Repeat the listing word for word. Leave every picture out.

▶ **INFORMATION SHOWN**:
• • • • • • •

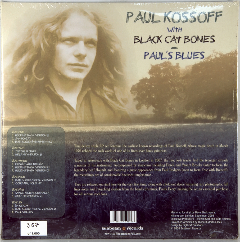 PAUL KOSSOFF WITH BLACK CAT BONES- PAUL'S BLUES (3LP'S) -1968-ПЕРВЫЙ ПРЕСС 2008 UK-SUNBEAM-SBR3LP5058. Очень редкий лимитированный оригинал 357 из 1000. Первая настоящая группа Коссоффа была группа, The Black Cat Bones. Она была блюз-рок-группой конца 60-х, в которой также участвовал будущий Свободный барабанщик Саймон Кирк (в то время как этот альбом также включает в себя таких, как Дерек и Стюарт Брукс из Leaf Hound, вместе с Полом Роджерсом). The Bones были хорошо известны на концертных площадках и выступали в качестве хаус-группы для многих приезжающих в США коллективов, а также поддерживали Fleetwood Mac и Питера Грина. В этом наборе из 3-х пластинок представлены самые ранние из известных работ Коссоффа, в том числе репетиции с группой The Bones в Лондоне в 1967 году. И содержание, и качество звука таковы, что только фанаты могут быть заинтересованы, но те же самые фанаты будут с удовольствием слушать пламенные джемы Коссоффа, когда он был на пике своей карьеры.
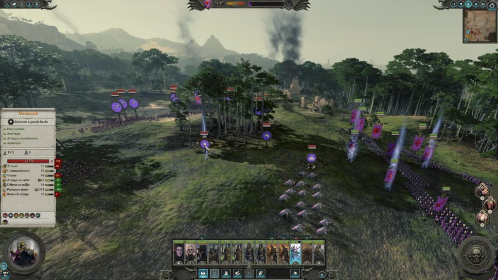 Le clan Eshin commence au Pays Gnoblar, une zone à l’extrême-est de la map ajoutée pour l’occasion – oui, ça prépare clairement le terrain pour Total War : Warhammer 3. Si les ennemis immédiats ne poseront pas énormément de soucis, il faudra peut-être un peu de temps pour maîtriser les complots ! Cette mécanique se divise en deux temps : d’abord, d’autres clans Skavens vous demanderont d’accomplir diverses missions en leur nom, ce qui coûtera quelques tours d’indisponibilité pour vos agents. Les récompenses sont néanmoins intéressantes, et permettront, sur le long terme, de mieux optimiser ses compositions d’armée.
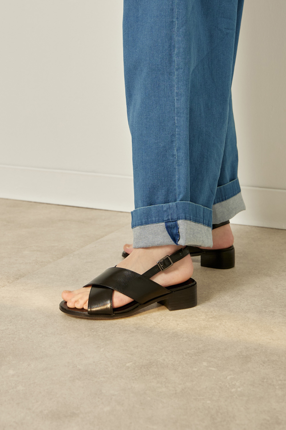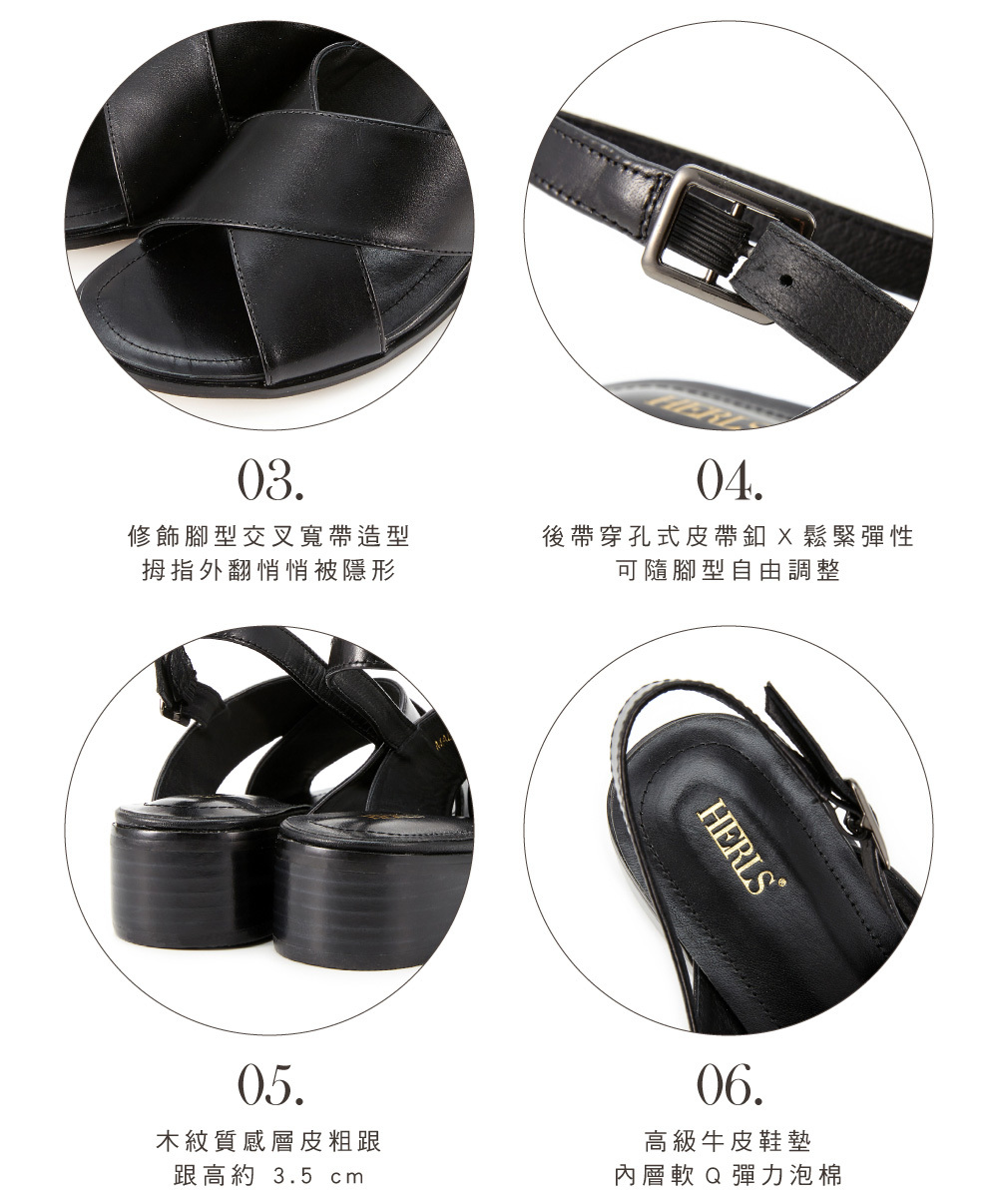 │木紋質感層皮粗跟,跟高約 3.5 cm

• • • • • • •

▶ **EXERCISE ANSWER**:
 PAUL KOSSOFF WITH BLACK CAT BONES- PAUL'S BLUES (3LP'S) -1968-ПЕРВЫЙ ПРЕСС 2008 UK-SUNBEAM-SBR3LP5058. Очень редкий лимитированный оригинал 357 из 1000. Первая настоящая группа Коссоффа была группа, The Black Cat Bones. Она была блюз-рок-группой конца 60-х, в которой также участвовал будущий Свободный барабанщик Саймон Кирк (в то время как этот альбом также включает в себя таких, как Дерек и Стюарт Брукс из Leaf Hound, вместе с Полом Роджерсом). The Bones были хорошо известны на концертных площадках и выступали в качестве хаус-группы для многих приезжающих в США коллективов, а также поддерживали Fleetwood Mac и Питера Грина. В этом наборе из 3-х пластинок представлены самые ранние из известных работ Коссоффа, в том числе репетиции с группой The Bones в Лондоне в 1967 году. И содержание, и качество звука таковы, что только фанаты могут быть заинтересованы, но те же самые фанаты будут с удовольствием слушать пламенные джемы Коссоффа, когда он был на пике своей карьеры.
 Le clan Eshin commence au Pays Gnoblar, une zone à l’extrême-est de la map ajoutée pour l’occasion – oui, ça prépare clairement le terrain pour Total War : Warhammer 3. Si les ennemis immédiats ne poseront pas énormément de soucis, il faudra peut-être un peu de temps pour maîtriser les complots ! Cette mécanique se divise en deux temps : d’abord, d’autres clans Skavens vous demanderont d’accomplir diverses missions en leur nom, ce qui coûtera quelques tours d’indisponibilité pour vos agents. Les récompenses sont néanmoins intéressantes, et permettront, sur le long terme, de mieux optimiser ses compositions d’armée.
 │木紋質感層皮粗跟,跟高約 3.5 cm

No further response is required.